◆ TASK STATEMENT:
Output the entries below exactly as written, omitting pictures.

◆ GIVEN RECORDS:
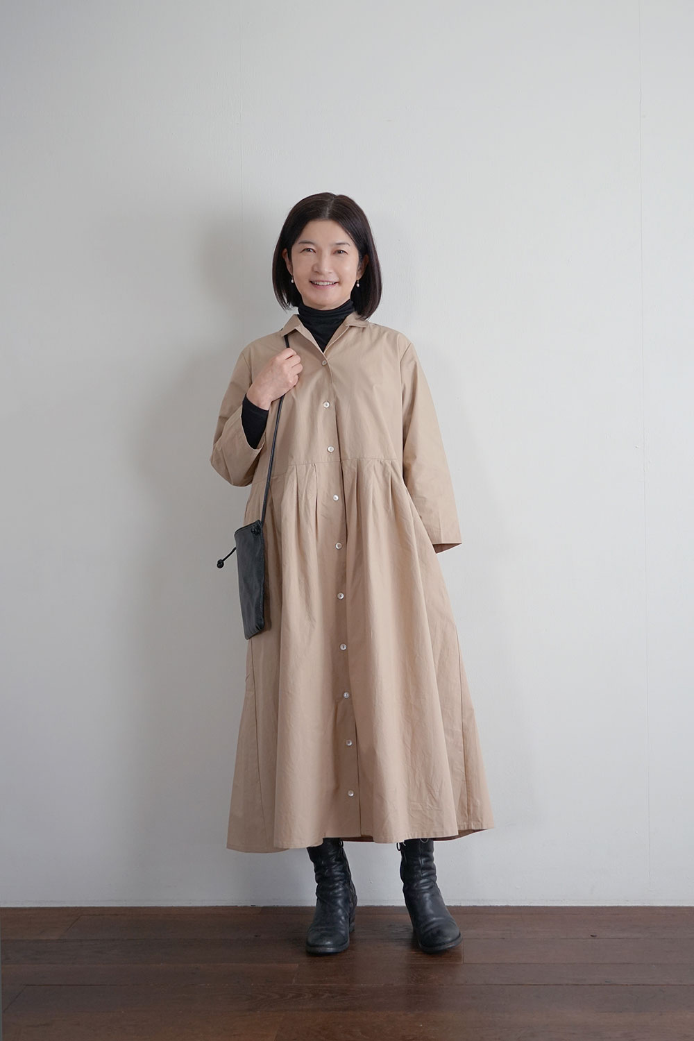 シルエットをきれいに保ちつつ、軽やかな着心地のワンピースに仕上げました。
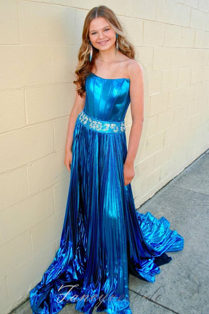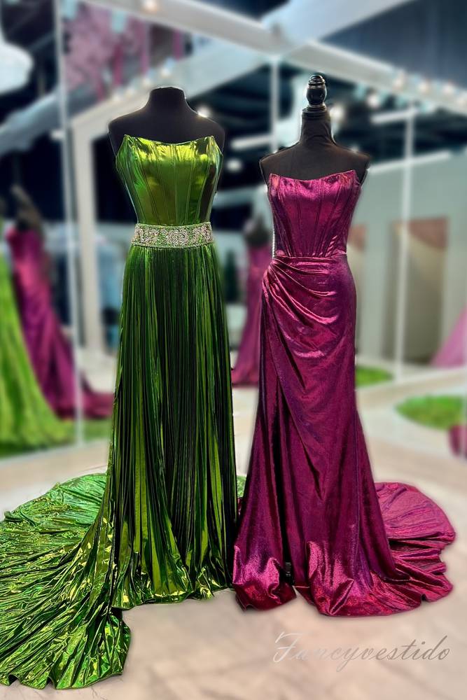Upgrade your prom look with our Metallic Gold Strapless Beaded Prom Dresses with Slit. Experience the perfect blend of elegance and glamour in this dress, featuring intricate gold beading and a daring slit. Make a statement and turn heads with this stunning and unique prom dress.
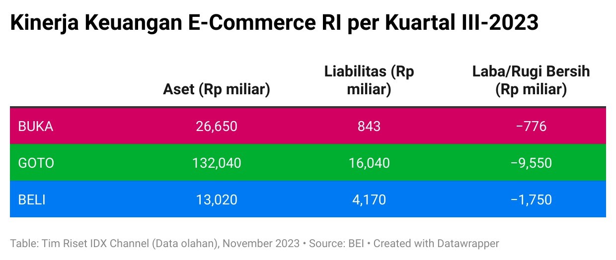 Meski demikian, laporan keuangan tiga emiten e-commerce RI memasuki kuartal tiga tahun ini masih mengecewakan. GOTO masih mencatatkan rugi bersih mencapai Rp9,55 triliun, sementara BUKA mencatatkan rugi mencapai Rp776,22 miliar dan BELI mencatatkan rugi Rp1,75 triliun. (Lihat grafik di bawah ini.)
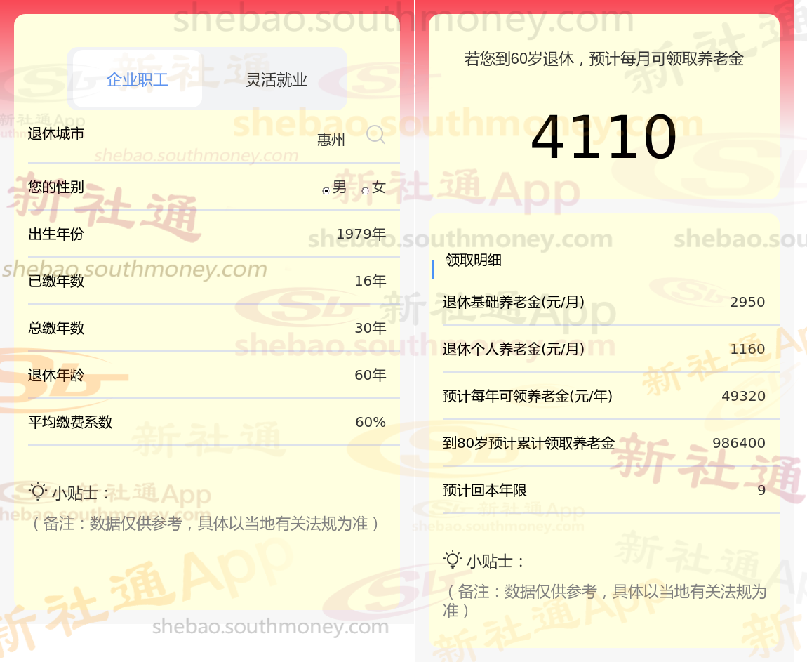 通过新社通APP-养老金计算所得:退休城市、出生年份、退休年龄、缴费系数都相同的情况下,社保缴费年限累计30年时,计算如下:
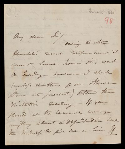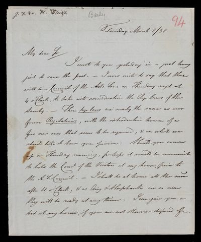 Autograph letter signed by sender. Is making arrangements for the Committee meeting. Will bring some copies of the Eclipse for John Frederick William Herschel.
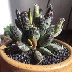 褐斑伽蓝是景天科伽蓝菜属的多年生多肉类植物,茎直立,多分枝,叶生于枝上,肉质叶片匙形,…
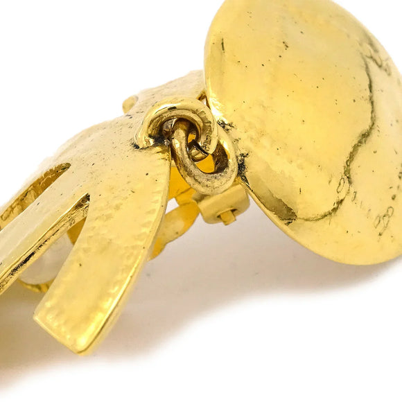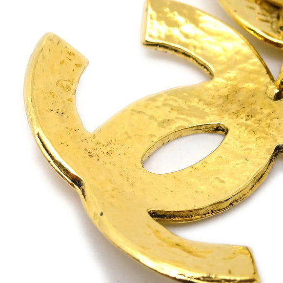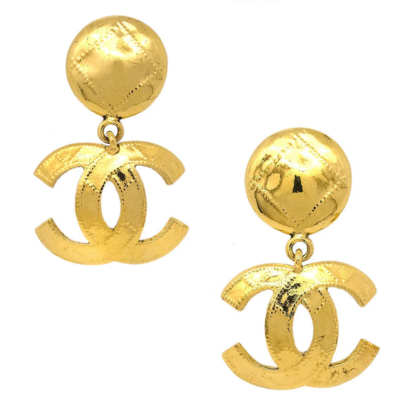Chanel 1994 Quilted CC Dangle Earrings Clip-On Gold Small

◆ EXERCISE RESPONSE:
 シルエットをきれいに保ちつつ、軽やかな着心地のワンピースに仕上げました。
Upgrade your prom look with our Metallic Gold Strapless Beaded Prom Dresses with Slit. Experience the perfect blend of elegance and glamour in this dress, featuring intricate gold beading and a daring slit. Make a statement and turn heads with this stunning and unique prom dress.
 Meski demikian, laporan keuangan tiga emiten e-commerce RI memasuki kuartal tiga tahun ini masih mengecewakan. GOTO masih mencatatkan rugi bersih mencapai Rp9,55 triliun, sementara BUKA mencatatkan rugi mencapai Rp776,22 miliar dan BELI mencatatkan rugi Rp1,75 triliun. (Lihat grafik di bawah ini.)
 通过新社通APP-养老金计算所得:退休城市、出生年份、退休年龄、缴费系数都相同的情况下,社保缴费年限累计30年时,计算如下:
 Autograph letter signed by sender. Is making arrangements for the Committee meeting. Will bring some copies of the Eclipse for John Frederick William Herschel.
 褐斑伽蓝是景天科伽蓝菜属的多年生多肉类植物,茎直立,多分枝,叶生于枝上,肉质叶片匙形,…
Chanel 1994 Quilted CC Dangle Earrings Clip-On Gold Small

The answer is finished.